Мы с Оливией переглянулись. Интересная получилась проповедь у священного Жука.

— Надеюсь, он закончил? — пробормотала Оливия. — А то мне надо реализовать свою свободу в ближайшей уборной.

— Терпи. Ты же свободная личность и имеешь право терпеть. А в уборную за тебя сходит кто-нибудь из приближенных Его Высокоблагочестия.

Мы уж хотели рассмеяться, но тут вокруг нас стал нарезать круги весьма крупный комар, мы перепугались и тоже изобразили религиозный экстаз с воплями: «Да здравствует Его Высокоблагочестие! Слава тем, кто следит за нашей свободой!»

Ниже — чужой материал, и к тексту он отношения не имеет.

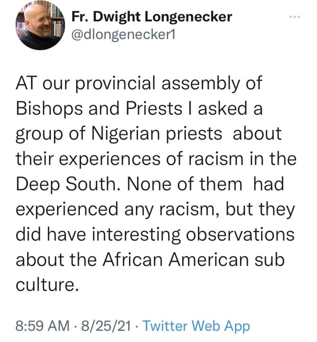 Zero Catholic clergy should be on Twitter; I’ve been a big believer in that since long before I started work on this project. When it comes to authority and credentials in Catholicism, you should treat Longenecker the same way you should treat me: as a stupid online dipshit who needs to log off. When he posts something willfully ignorant, something that extrapolates the un-reality of racism from one half-assed possibly fake conversation with a group of Nigerian priests, something that avoids any understanding of reality that any idiot could pick up by reading a single book on American history, people will make fun of him for his bad post, and he’ll get upset, and then he’ll complain that people on Twitter are too mean and quick to judge. Just like every other stupid online dipshit. Except that Longenecker chose to be a Catholic priest. As part of his ordination, he once laid on the floor of a church while the Litany of the Saints played and the Holy Spirit blew over him. Armed with that, he now chooses to be a stupid online dipshit, multiple times a day.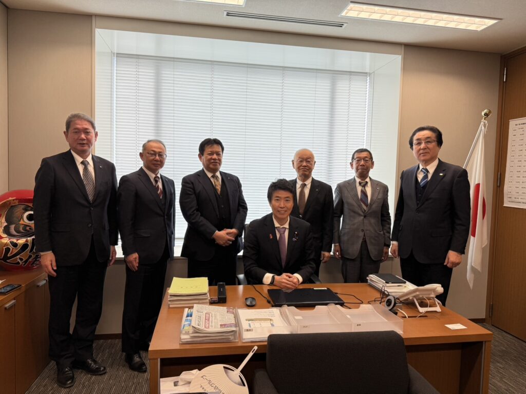 事務所訪問 2026年1月19日 最終更新日時 : 2026年1月19日 周作犬童 1月19日、茨城県中部 小松会長、茨城県東部 藤岡会長、茨城県西部 名越会長、茨城県南部 伊藤会長、茨城県北部 沼田会長、岡田OB会会長(元茨城県中部地区会長)が議員会館事務所を訪問され意見交換を行いました。 FacebookXBlueskyHatena

Вдруг снова воцарилась тишина.

— Я хотел еще вот что сказать, — изрек Его Высокоблагочестие. — Примером свободы и равенства можно назвать обычный, но столь прекрасный и полезный овощ, как тыква. Давайте поговорим о тыкве, дорогие братья и сестры! Взгляните на ее совершенную форму — форму шара. Тыква не имеет ни начала, ни конца — она в любой своей точке равна себе самой. Так же она равна другим тыквам на грядке. А о равенстве тыквенных семечек и говорить не стоит — все они равны и одинаково полезны. И каждое из этих семечек имеет свободу прорасти и стать новой тыквой, равной другим тыквам. Вот истинный пример свободы и равенства! Если бы я обладал поэтическим даром, то написал бы целую поэму о тыкве, как квинтэссенции добродетелей. Впрочем, здесь все не так печально. Недаром мы находимся во владениях великого поэта Старой Литании — герцога Альбино Монтессори! Его талант несомненен, и он во славу страны и Святого престола дал торжественную клятву написать поэму о каждом овоще и фрукте, произрастающем в Старой Литании! Вот это, я считаю, очень правильная и полезная поэзия…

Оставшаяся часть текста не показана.